Unified Host and Network Data Set

Unified Host and Network Data Set
Notice: This research summary and analysis were automatically generated using AI technology. For absolute accuracy, please refer to the [Original Paper Viewer] below or the Original ArXiv Source.

The lack of data sets derived from operational enterprise networks continues to be a critical deficiency in the cyber security research community. Unfortunately, releasing viable data sets to the larger com- munity is challenging for a number of reasons, primarily the difficulty of balancing security and privacy concerns against the fidelity and utility of the data. This chapter discusses the importance of cyber secu- rity research data sets and introduces a large data set derived from the operational network environment at Los Alamos National Laboratory. The hope is that this data set and associated discussion will act as a catalyst for both new research in cyber security as well as motivation for other organizations to release similar data sets to the community.


💡 Research Summary

The paper addresses a critical gap in cybersecurity research: the scarcity of high‑fidelity, operational‑network datasets that can be freely used by the research community. To mitigate this, the authors release a comprehensive “Unified Host and Network Data Set” derived from the Los Alamos National Laboratory (LANL) enterprise environment, covering approximately 90 days of activity. The dataset combines two distinct sources: (1) Windows host event logs collected from the majority of LANL workstations, and (2) Cisco NetFlow version 9 records exported from core routers.

The NetFlow component captures bi‑directional communication summaries between devices, containing fields such as start/end timestamps, source and destination IP addresses, protocol, source and destination ports, packet counts, and byte counts. Because NetFlow records are inherently unidirectional, the authors applied a stitching process to merge complementary uniflows into single bi‑flows. Directionality was inferred using a hierarchy of port‑based heuristics: (i) destination ports below 1024 with non‑ephemeral source ports, (ii) the top 90 most frequent ports treated as destinations, and (iii) the smaller of the two ports considered the destination. After direction assignment, matching 5‑tuples were aggregated, preserving the earliest start time, latest end time, and summing packet/byte counters. This streaming aggregation evicts idle entries after 30 minutes and periodically emits long‑lived flows.

To protect privacy and operational security, the dataset underwent a two‑stage de‑identification. First, IP addresses were mapped to fully‑qualified domain names (FQDNs) using DNS and DHCP logs, preserving temporal consistency. When mapping failed, the IP was retained with a “IP.” prefix. Second, all host identifiers (source/destination devices, ports) were replaced with random tokens, except for well‑known service ports (e.g., 80, 443, 22) and system‑level usernames/process names, which were left intact to retain analytical value. Records with protocols other than TCP (6), UDP (17), or ICMP (1) were discarded. The final product is delivered as CSV files with fields ordered as described in the paper’s Table 1.

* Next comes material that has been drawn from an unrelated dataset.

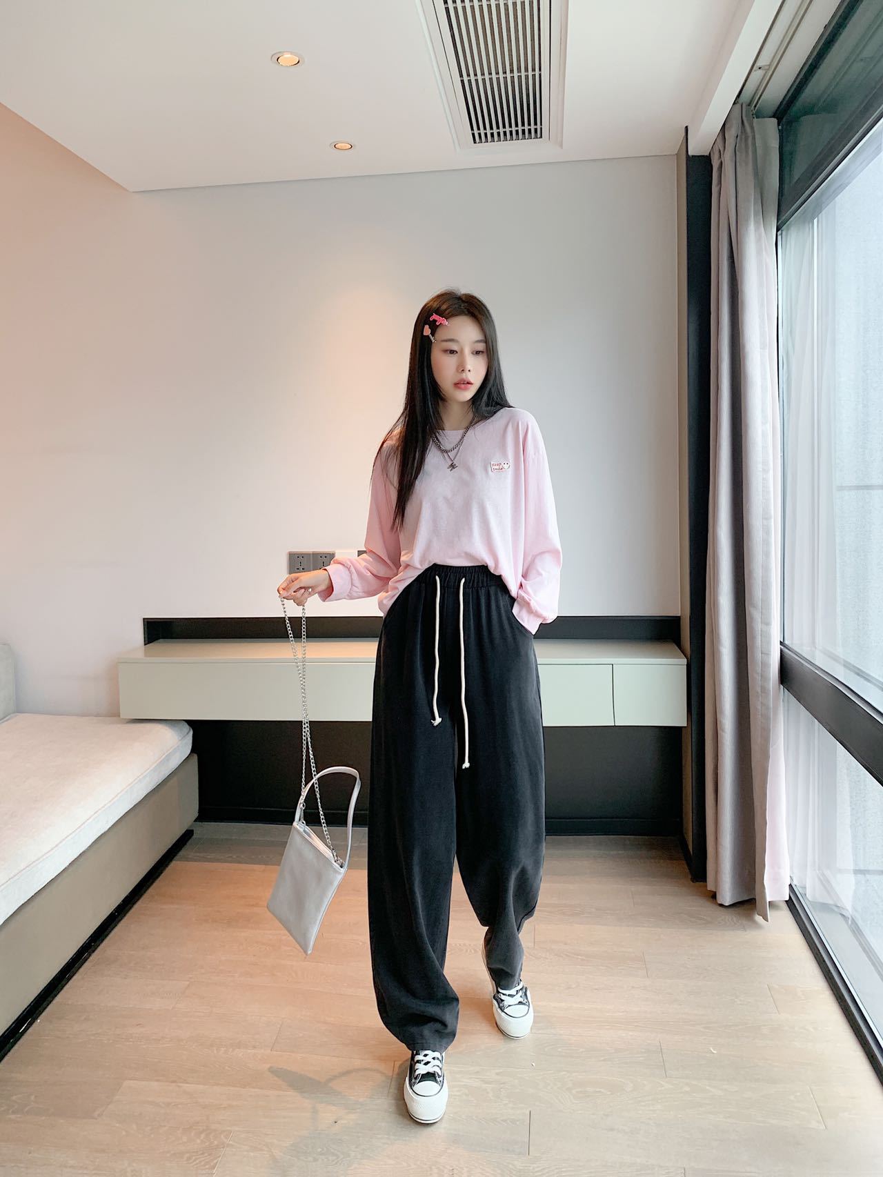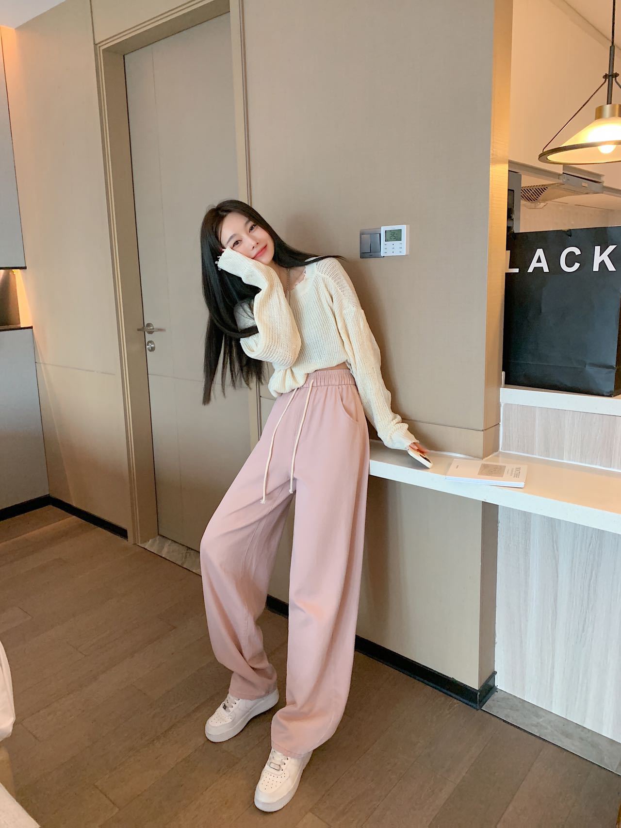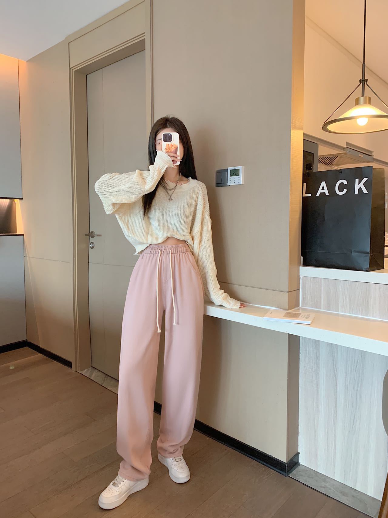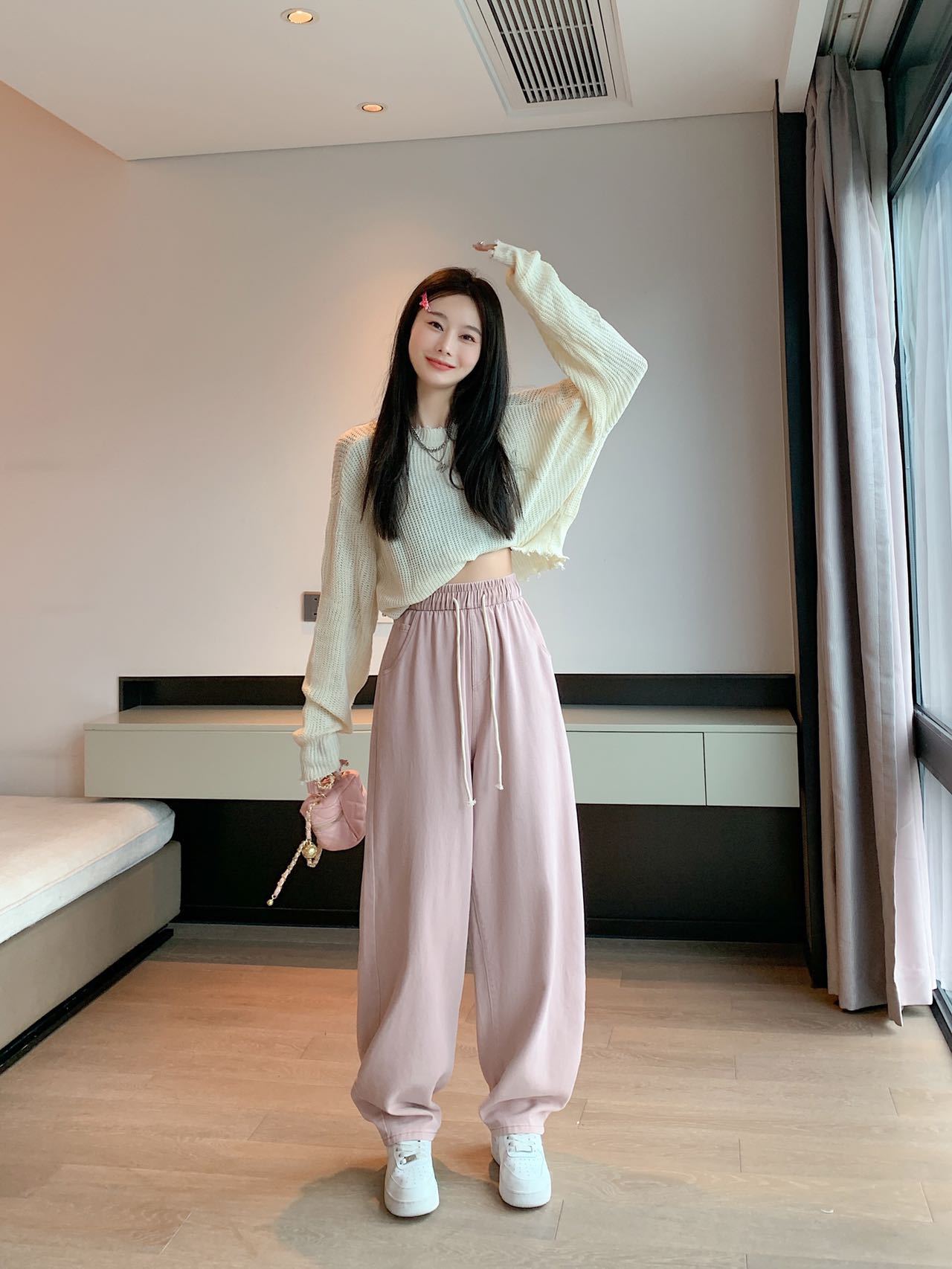 Otoño 2023 nuevos pantalones harem de papá sueltos de cintura alta moda combinable delgados elásticos rectos deportivos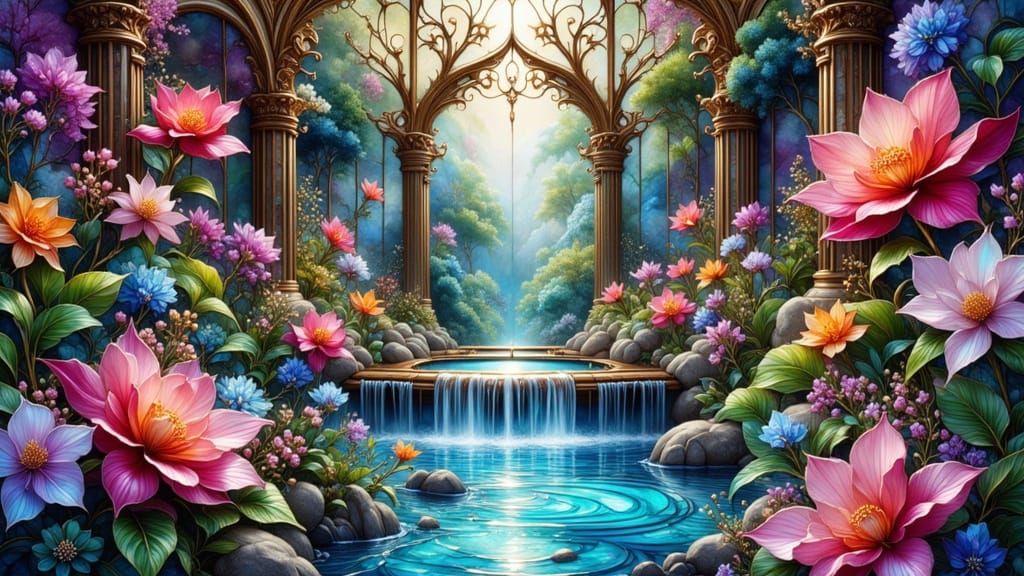 A beautiful mystical temple courtyard Garden blooming with life

Data‑quality analyses reveal several characteristics. Approximately 57 % of TCP bi‑flows have zero packets in one direction, reflecting LANL’s router configuration that often exports only a single direction and the prevalence of one‑sided scans. Mapping failures are more common for destination devices, indicating incomplete DNS coverage. Protocol distribution shows roughly 30 % TCP, 60 % UDP, and 10 % ICMP, with notable long‑lived UDP and ICMP flows—an artifact of aggregating all uniflows regardless of protocol. Port histograms illustrate a non‑uniform source‑port distribution, suggesting occasional mis‑stitching or protocols that use fixed source ports (e.g., NTP). In‑degree/out‑degree visualizations for selected days highlight hub hosts and potential lateral‑movement pathways.

The authors outline multiple research avenues enabled by the dataset: (a) flow‑based anomaly detection and lateral‑movement identification, (b) joint host‑log and flow analysis for behavior‑based threat modeling, (c) evaluation of anonymization techniques and privacy‑preserving data sharing, (d) reconstruction of network topology and service mapping, and (e) comparative studies between synthetic datasets and real operational data. They also acknowledge limitations, such as transient IP addresses, imperfect direction inference, and incomplete host‑name mappings, urging researchers to apply additional preprocessing as needed.

In conclusion, this work provides a valuable, openly accessible resource that bridges the gap between theoretical cybersecurity research and real‑world operational data. By releasing a richly annotated, de‑identified, and well‑documented dataset, the authors not only enable immediate experimental work but also set a precedent encouraging other organizations to share comparable data, thereby fostering a more collaborative and empirically grounded security research ecosystem.